WORK TO COMPLETE> Scan the entries for "only". Every line that holds it is to be copied.
=== RECORDS SUPPLIED ===
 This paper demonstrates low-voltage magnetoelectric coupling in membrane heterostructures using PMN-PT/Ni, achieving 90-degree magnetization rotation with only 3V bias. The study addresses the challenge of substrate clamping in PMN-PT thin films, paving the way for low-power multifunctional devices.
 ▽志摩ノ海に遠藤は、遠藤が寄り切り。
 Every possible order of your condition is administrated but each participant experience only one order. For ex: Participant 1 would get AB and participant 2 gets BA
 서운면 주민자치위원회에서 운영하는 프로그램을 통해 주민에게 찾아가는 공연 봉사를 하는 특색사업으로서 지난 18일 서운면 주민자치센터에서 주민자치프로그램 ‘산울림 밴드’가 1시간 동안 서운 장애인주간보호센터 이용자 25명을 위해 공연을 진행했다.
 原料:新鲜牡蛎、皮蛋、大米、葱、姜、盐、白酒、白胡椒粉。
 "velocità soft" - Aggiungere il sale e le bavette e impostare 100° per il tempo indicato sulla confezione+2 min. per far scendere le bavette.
===
=== RECORDS SUPPLIED ===
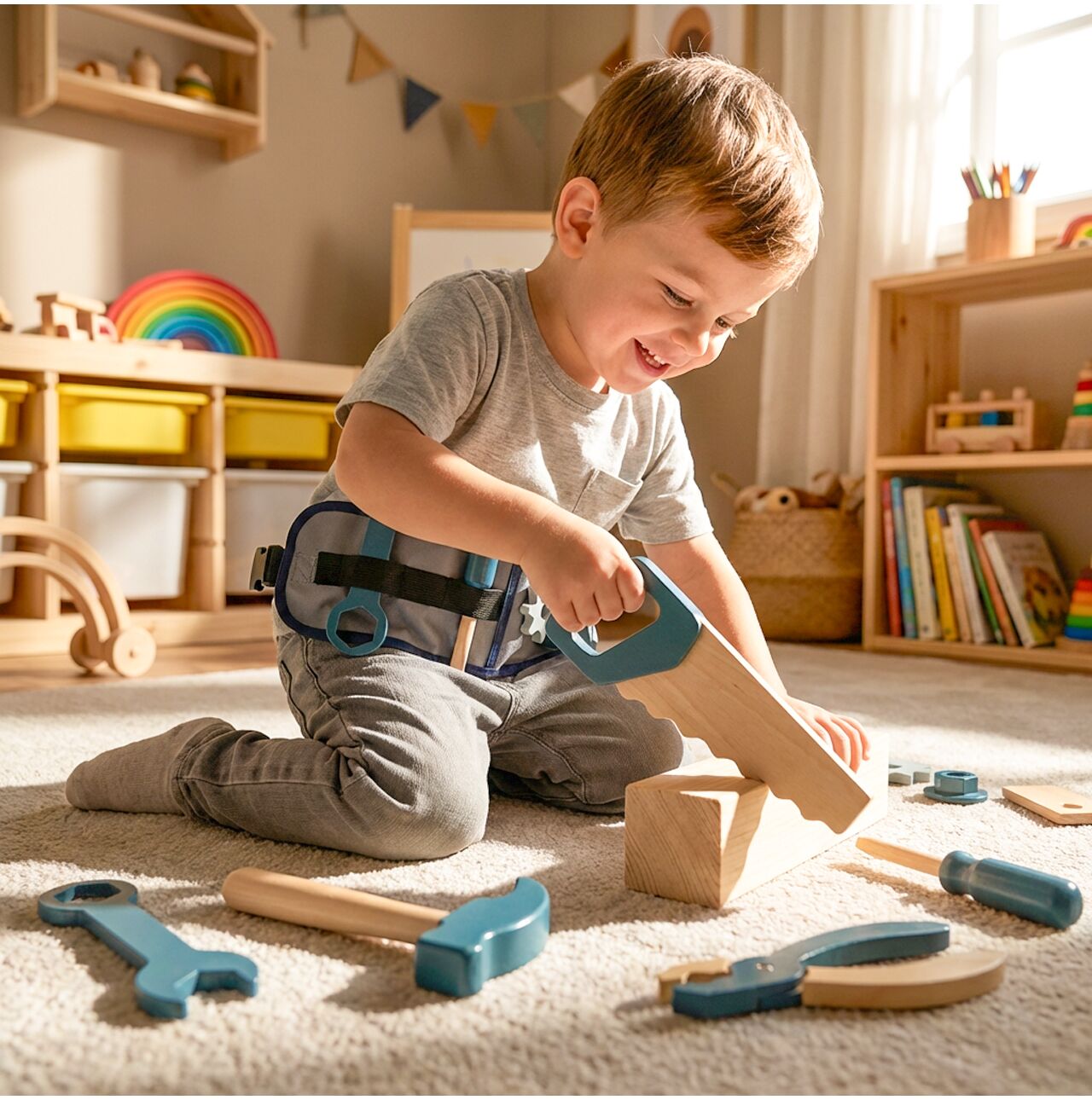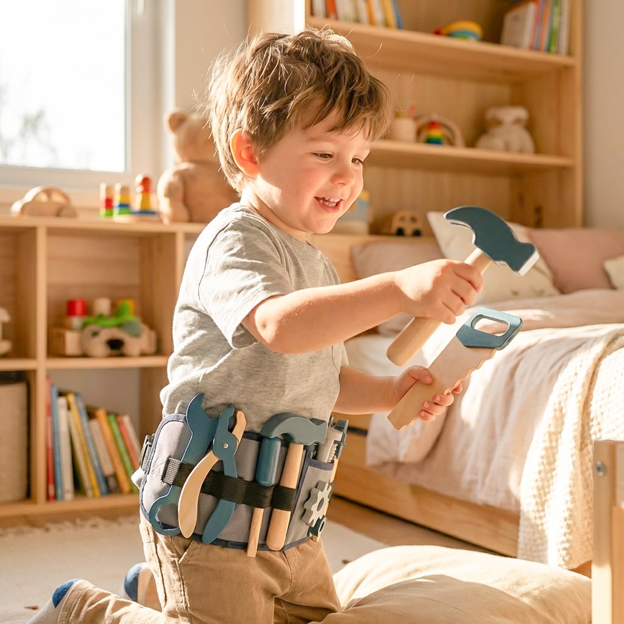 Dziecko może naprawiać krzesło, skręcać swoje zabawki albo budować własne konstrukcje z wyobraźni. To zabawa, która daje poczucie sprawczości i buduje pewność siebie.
===
ANSWER AREA>
 This paper demonstrates low-voltage magnetoelectric coupling in membrane heterostructures using PMN-PT/Ni, achieving 90-degree magnetization rotation with only 3V bias. The study addresses the challenge of substrate clamping in PMN-PT thin films, paving the way for low-power multifunctional devices.
 Every possible order of your condition is administrated but each participant experience only one order. For ex: Participant 1 would get AB and participant 2 gets BA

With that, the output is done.